** Opening Data records block **
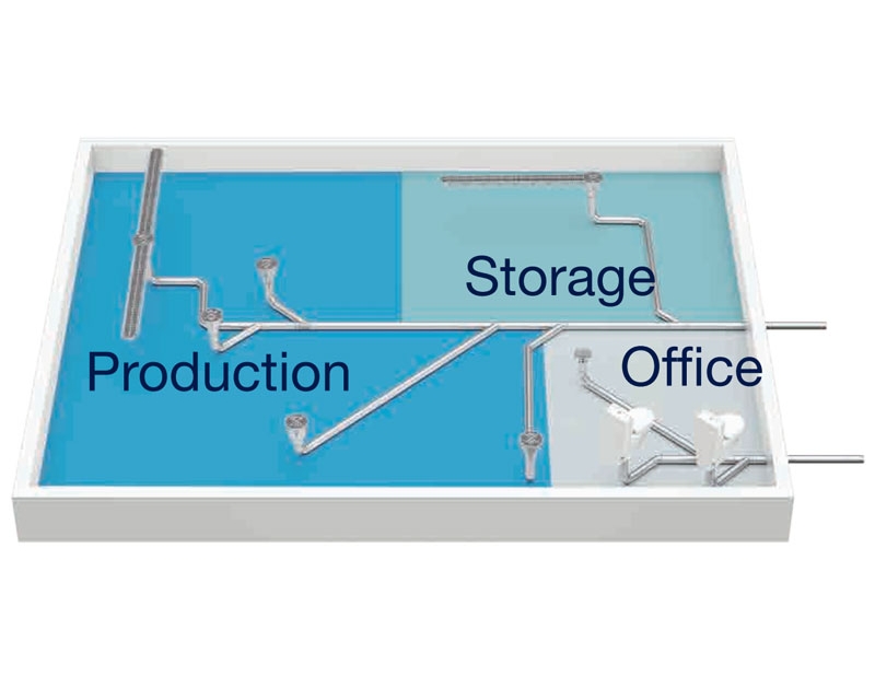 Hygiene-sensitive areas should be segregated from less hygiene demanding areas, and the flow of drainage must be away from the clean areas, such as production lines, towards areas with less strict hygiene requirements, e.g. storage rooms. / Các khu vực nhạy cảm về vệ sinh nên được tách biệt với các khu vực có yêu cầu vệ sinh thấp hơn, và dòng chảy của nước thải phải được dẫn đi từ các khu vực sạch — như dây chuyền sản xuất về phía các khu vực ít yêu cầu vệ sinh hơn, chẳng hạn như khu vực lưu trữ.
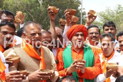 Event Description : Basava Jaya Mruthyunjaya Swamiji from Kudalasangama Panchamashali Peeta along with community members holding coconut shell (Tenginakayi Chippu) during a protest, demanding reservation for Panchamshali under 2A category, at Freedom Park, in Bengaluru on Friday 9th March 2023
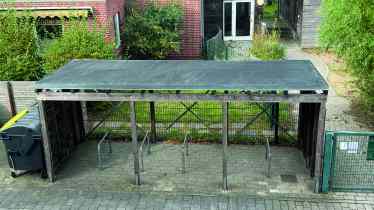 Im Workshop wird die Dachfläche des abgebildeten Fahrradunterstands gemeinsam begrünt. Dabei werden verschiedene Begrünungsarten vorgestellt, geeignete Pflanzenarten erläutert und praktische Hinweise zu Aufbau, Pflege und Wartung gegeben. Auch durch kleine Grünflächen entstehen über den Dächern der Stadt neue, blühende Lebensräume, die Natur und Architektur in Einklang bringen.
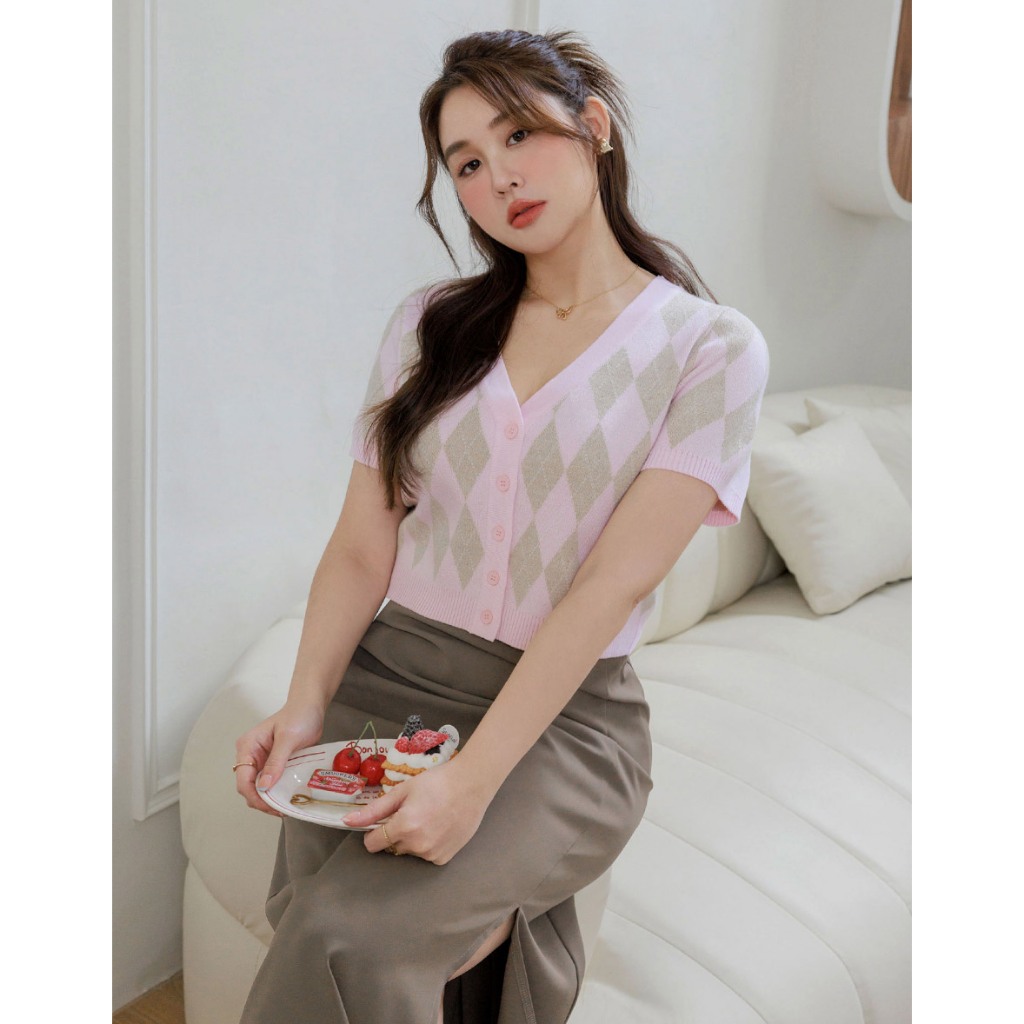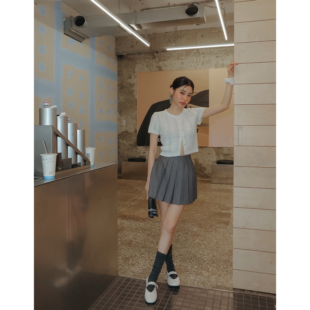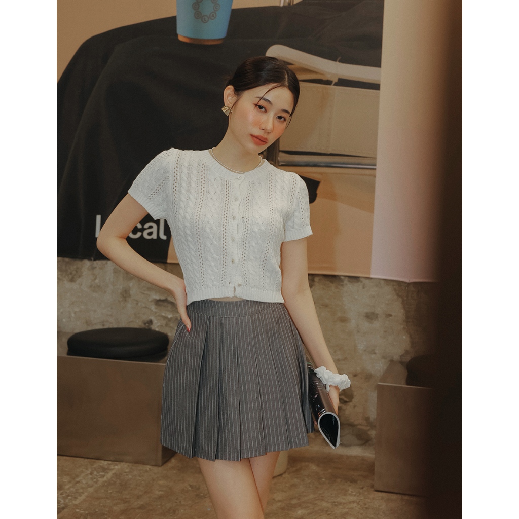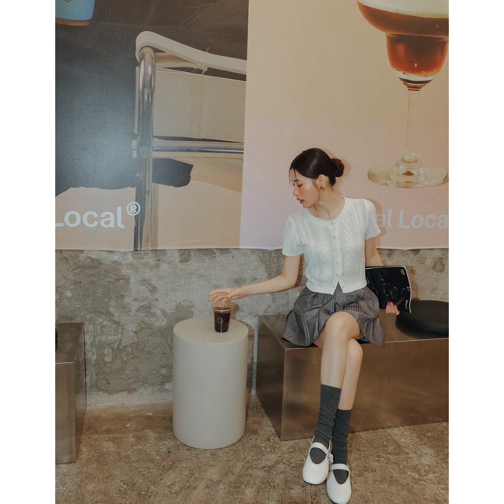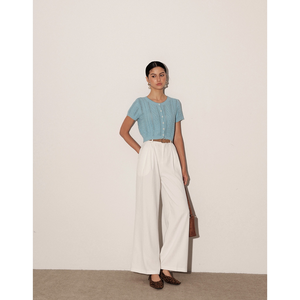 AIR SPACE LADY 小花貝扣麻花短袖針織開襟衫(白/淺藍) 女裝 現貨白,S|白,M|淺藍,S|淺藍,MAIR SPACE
** Closing Data records block **
** Opening Data records block **
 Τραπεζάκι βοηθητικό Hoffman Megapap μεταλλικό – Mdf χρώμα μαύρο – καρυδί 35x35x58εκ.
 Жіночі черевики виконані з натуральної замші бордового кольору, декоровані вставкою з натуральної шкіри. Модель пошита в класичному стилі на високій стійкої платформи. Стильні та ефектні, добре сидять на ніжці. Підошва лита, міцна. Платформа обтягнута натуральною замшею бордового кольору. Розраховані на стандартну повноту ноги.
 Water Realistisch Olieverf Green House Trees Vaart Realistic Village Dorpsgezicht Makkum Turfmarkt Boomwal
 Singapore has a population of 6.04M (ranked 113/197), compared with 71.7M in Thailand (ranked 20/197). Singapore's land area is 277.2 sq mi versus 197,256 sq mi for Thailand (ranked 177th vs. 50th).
** Closing Data records block **
** Opening Data records block **
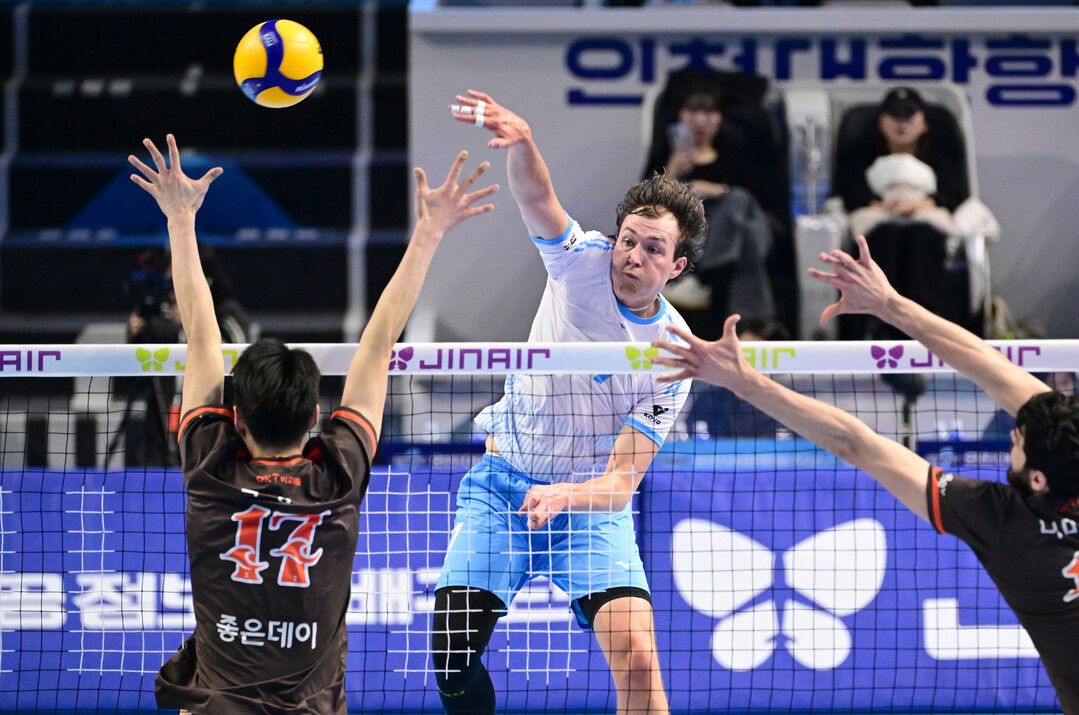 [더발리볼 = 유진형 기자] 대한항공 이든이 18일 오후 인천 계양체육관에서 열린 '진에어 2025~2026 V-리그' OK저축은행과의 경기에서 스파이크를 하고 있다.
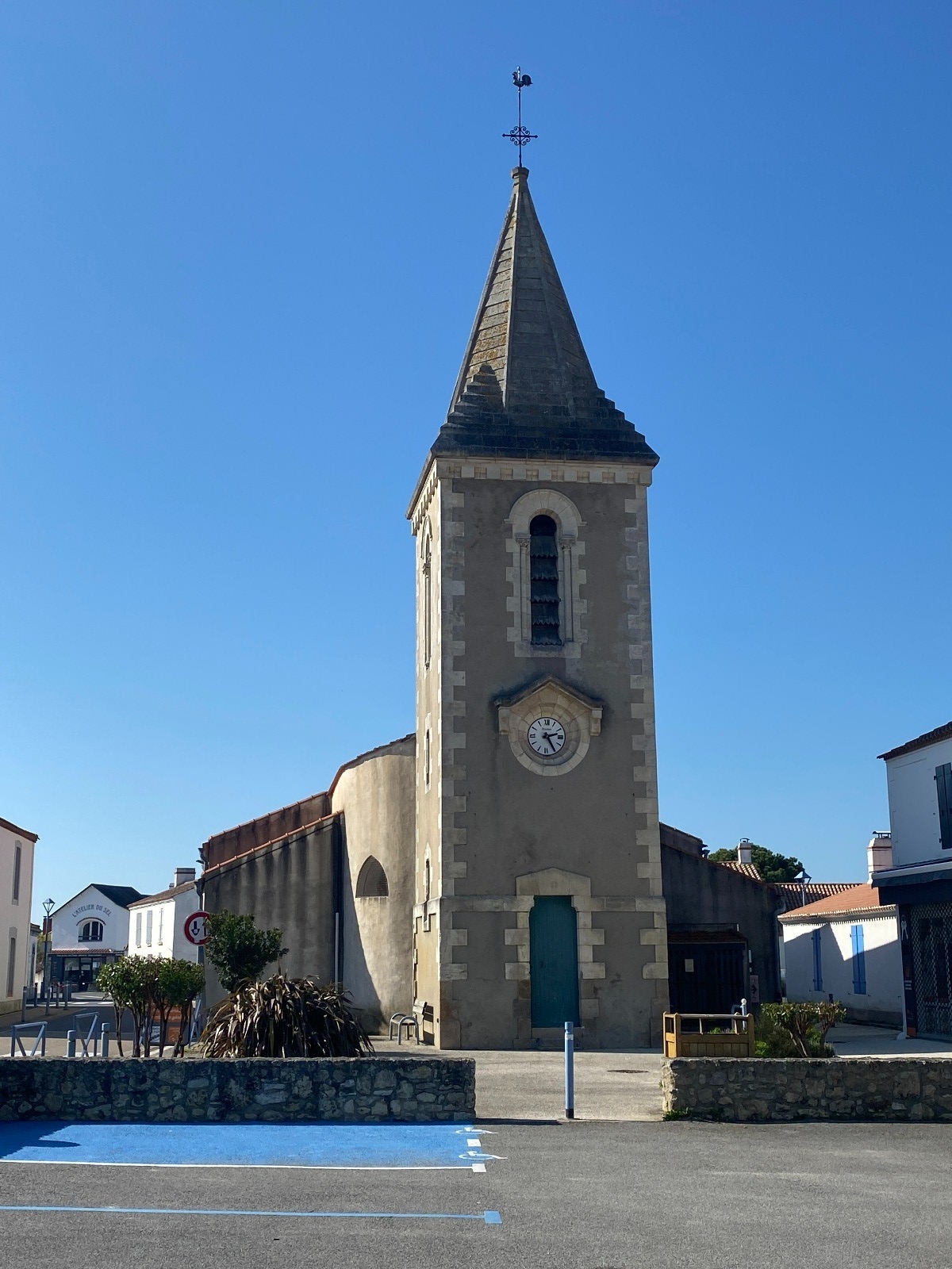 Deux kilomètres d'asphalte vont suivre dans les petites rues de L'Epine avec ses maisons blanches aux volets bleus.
** Closing Data records block **
## Try it
Your answer should be the lines above, word for word, from the line with "Hygiene-sensitive areas should" through the line with "Event Description : Basava", minus the pictures.

## Completed exercise
 Hygiene-sensitive areas should be segregated from less hygiene demanding areas, and the flow of drainage must be away from the clean areas, such as production lines, towards areas with less strict hygiene requirements, e.g. storage rooms. / Các khu vực nhạy cảm về vệ sinh nên được tách biệt với các khu vực có yêu cầu vệ sinh thấp hơn, và dòng chảy của nước thải phải được dẫn đi từ các khu vực sạch — như dây chuyền sản xuất về phía các khu vực ít yêu cầu vệ sinh hơn, chẳng hạn như khu vực lưu trữ.
 Event Description : Basava Jaya Mruthyunjaya Swamiji from Kudalasangama Panchamashali Peeta along with community members holding coconut shell (Tenginakayi Chippu) during a protest, demanding reservation for Panchamshali under 2A category, at Freedom Park, in Bengaluru on Friday 9th March 2023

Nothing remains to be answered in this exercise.